TRY IT: Could you transcribe all the entries exactly, omitting the pictures?

──────── DATA FOR ANALYSIS ────────

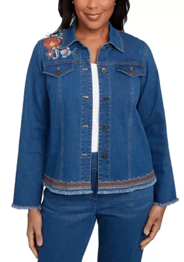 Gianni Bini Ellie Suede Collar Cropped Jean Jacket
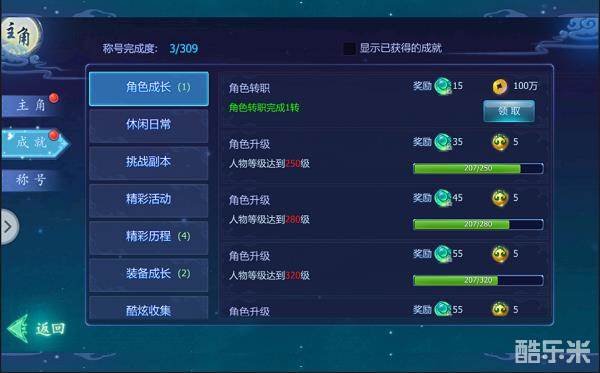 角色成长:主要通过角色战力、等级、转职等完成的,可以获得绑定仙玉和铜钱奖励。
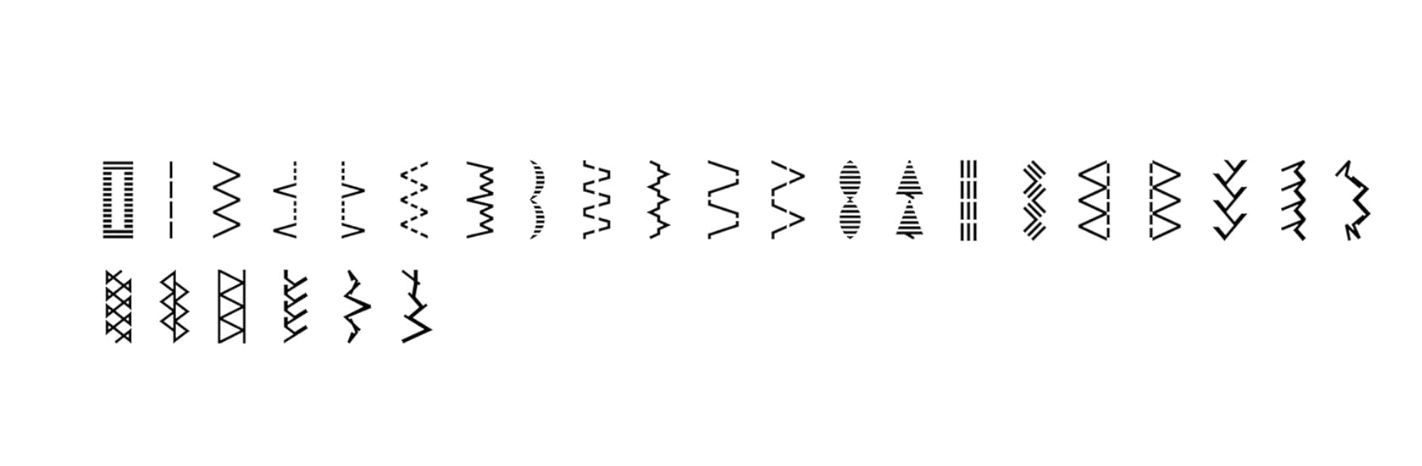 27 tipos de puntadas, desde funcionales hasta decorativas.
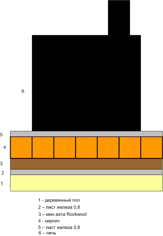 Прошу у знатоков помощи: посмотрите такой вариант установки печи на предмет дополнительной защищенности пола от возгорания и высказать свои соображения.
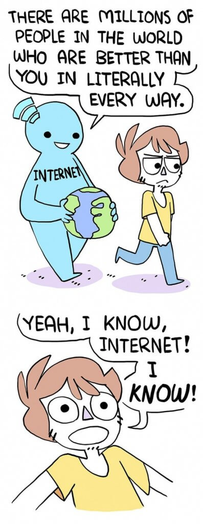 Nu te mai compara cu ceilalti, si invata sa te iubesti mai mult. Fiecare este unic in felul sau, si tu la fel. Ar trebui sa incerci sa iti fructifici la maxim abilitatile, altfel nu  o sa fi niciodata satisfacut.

────────

WRITTEN ANSWER:
 Gianni Bini Ellie Suede Collar Cropped Jean Jacket
 角色成长:主要通过角色战力、等级、转职等完成的,可以获得绑定仙玉和铜钱奖励。
 27 tipos de puntadas, desde funcionales hasta decorativas.
 Прошу у знатоков помощи: посмотрите такой вариант установки печи на предмет дополнительной защищенности пола от возгорания и высказать свои соображения.
 Nu te mai compara cu ceilalti, si invata sa te iubesti mai mult. Fiecare este unic in felul sau, si tu la fel. Ar trebui sa incerci sa iti fructifici la maxim abilitatile, altfel nu  o sa fi niciodata satisfacut.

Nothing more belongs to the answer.